Besides, the PDF file contains two pages with two tables from two separate database entries, so it is a user-created compilation, which is again not possible per WS:WWI.
(Besides all this, I still believe that our task is not transcribing the whole web, as this creates unnecessary maintenance burden for our small community. But it is not the main reason, though it is important, the main ones are above.)
-- Jan Kameníček (talk) 22:04, 12 January 2025 (UTC)
- Keep – These reports are published specifically by the United States government at least 3 months after a natural disaster that serve as the finalized reports. There is an entire page specifically about these sources. The PDF is Wikipedian-made but the tables are not. The U.S. government divides every report by county and by month. The fire was in a single county, but occurred in April & May 2024, therefore, NOAA published an April 2024 and a May 2024 report separately. The PDF was the combination of the two sources. To note, this is an official publication of the U.S. government as described in that page linked above: "Storm Data is an official publication of the National Oceanic and Atmospheric Administration (NOAA) which documents the occurrence of storms and other significant weather phenomena having sufficient intensity to cause loss of life, injuries, significant property damage, and/or disruption to commerce." Per WS:WWI, this is a documentary source, which qualifies under Wikisource's scope per "They are official documents of the body producing them". There is way in hell you can argue a collection of official U.S. government documents does not qualify for Wikisource. WeatherWriter (talk) 22:26, 12 January 2025 (UTC)
- The definition of the documentary source in WS:WWI says that "documents may range from constitutions and treaties to personal correspondence and diaries." Pure tables without any context are refused by the rule a bit below, see my quotation above. --Jan Kameníček (talk) 22:33, 12 January 2025 (UTC)

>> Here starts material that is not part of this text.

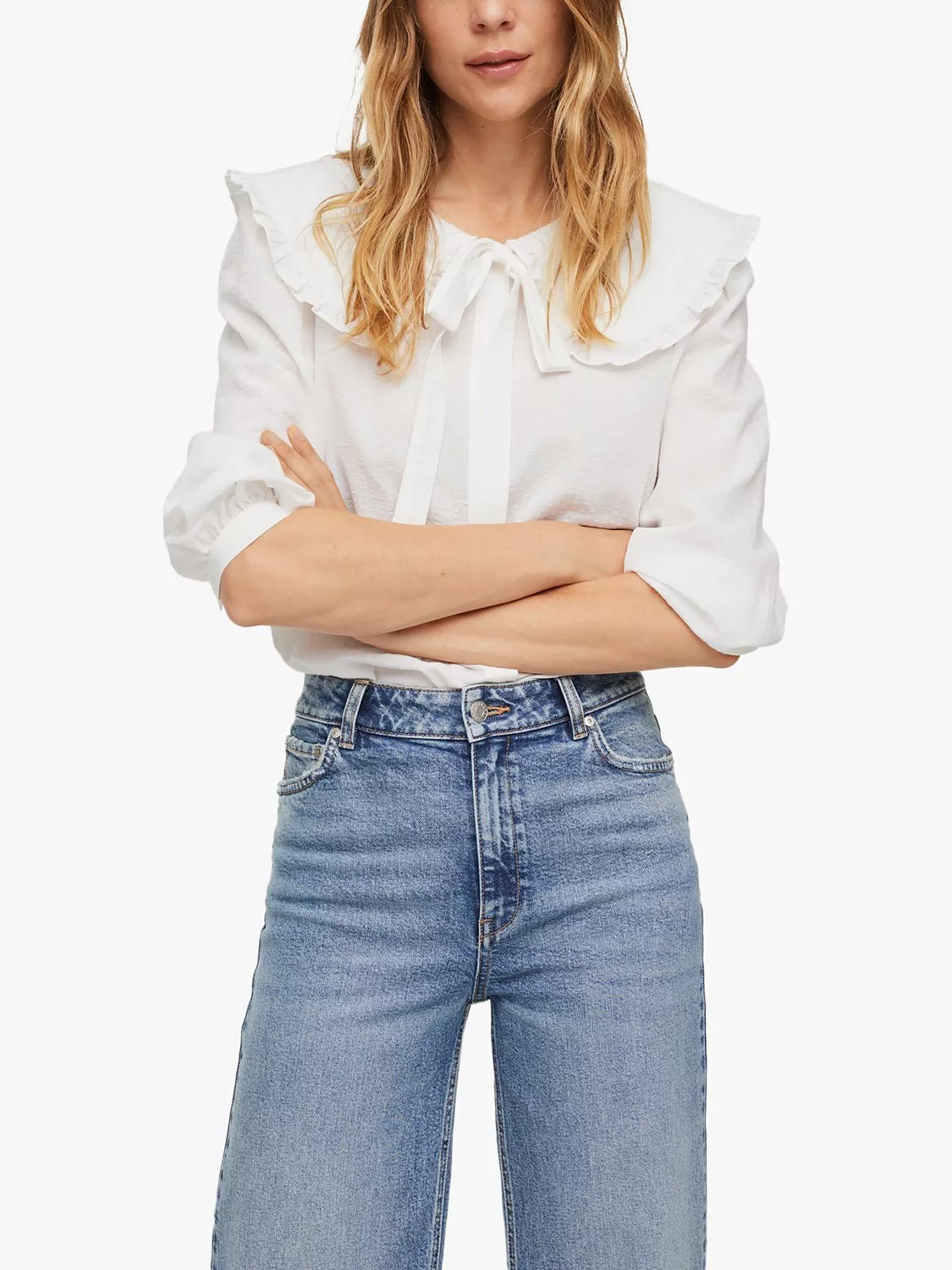 Framed with a tie neck with a wide collar, it offers a soft feel thanks to its cotton blend and falls perfectly under the 'jeans and a nice top' code.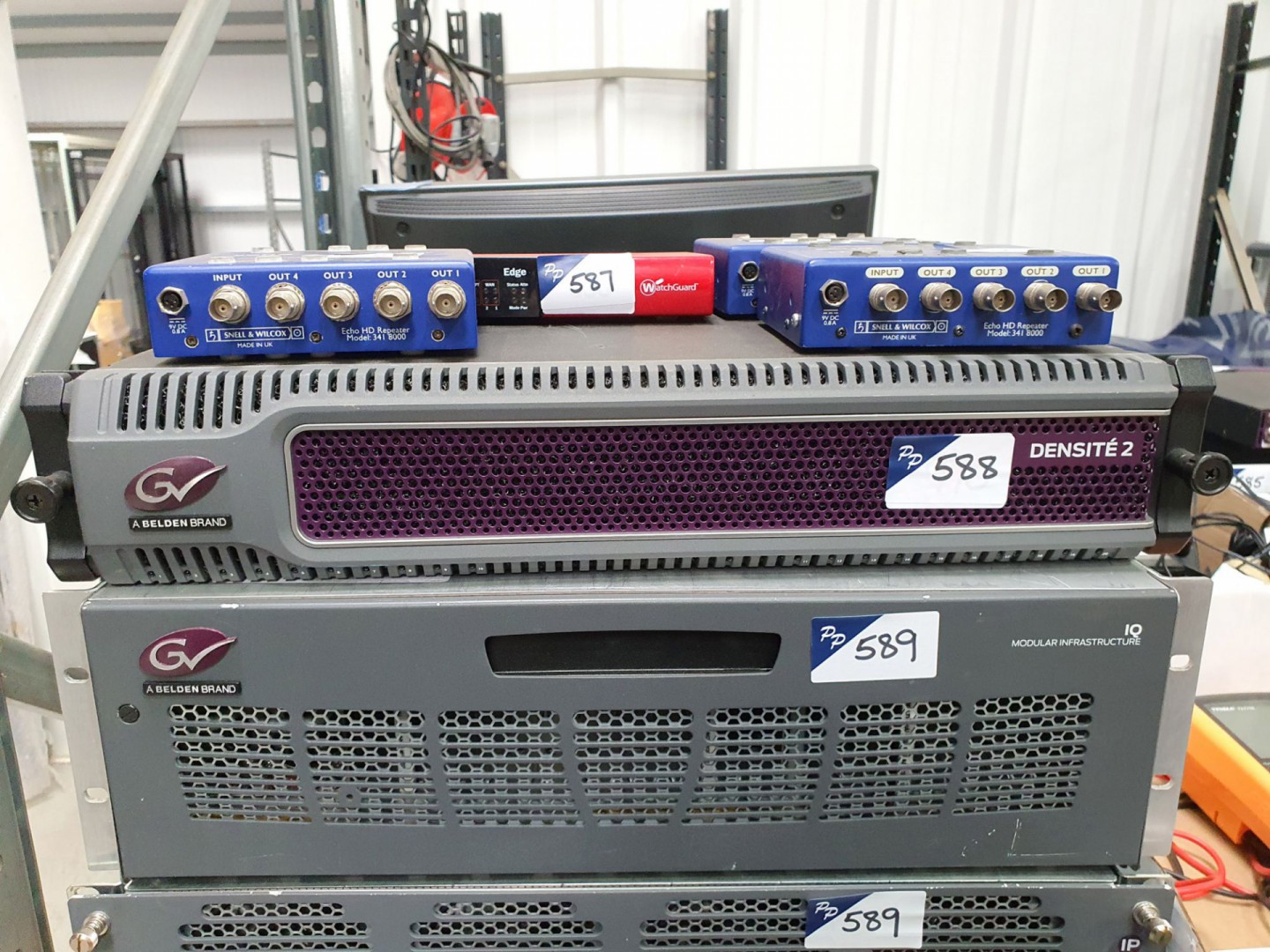 Barracuda SSL VPN 380 firewall gateway. Niche HD-SDi RMU. Quantel HD source. Snell HST37 HD test pattern generator. Grass Valley K-Frame video production centre. Grass Valley Sirius 830 frame. Cobalt OGCP-9000/CC remote control panel. Quantel SQ SAS adaptor, MOS gateway, Barracuda SSL VPN 380. Miranda NV920 routing system controller. Trilogy mento digital SPG/TSG. Vigor pitch blue magubox. Snell HST37 HD test pattern generator. Miranda ASD-271P Picolink, HP 35676-66302 signal divider. Qty various Miranda spares. 4x Miranda ABT-32-32-D110 audio bridge terminal. Grass Valley 85552910 control panel. 4x Sam 9678570 1U matrix panel. 3x Grass Valley FGAEK 9678570 AA 1U matrix panel. Grass Valley LD16 Jupiter control panel. Pro-Bel Aurora processor panel. Alpermann & Velte timer control unit. Axon CP1616 matrix panel

- That is how the National Weather Service, a branch of the United States government publishes finalized results...Like every single fucking natural disaster in the United States is published in that format. File:Storm Data Document for the 1970 Lubbock, Texas Tornado.jpg is a 1970 publication (pre-Internet) and this is a physical paper that was physcally scanned in. That to is in a chart and table. If charts and tables produced by the US government are not allowed, then y'all need to create something saying no U.S. government natural disaster report is allowed because tables is how the U.S. government fucking publishes the information. Yeah, good bye Wikisource. There is literally no use to be here. WeatherWriter (talk) 22:39, 12 January 2025 (UTC)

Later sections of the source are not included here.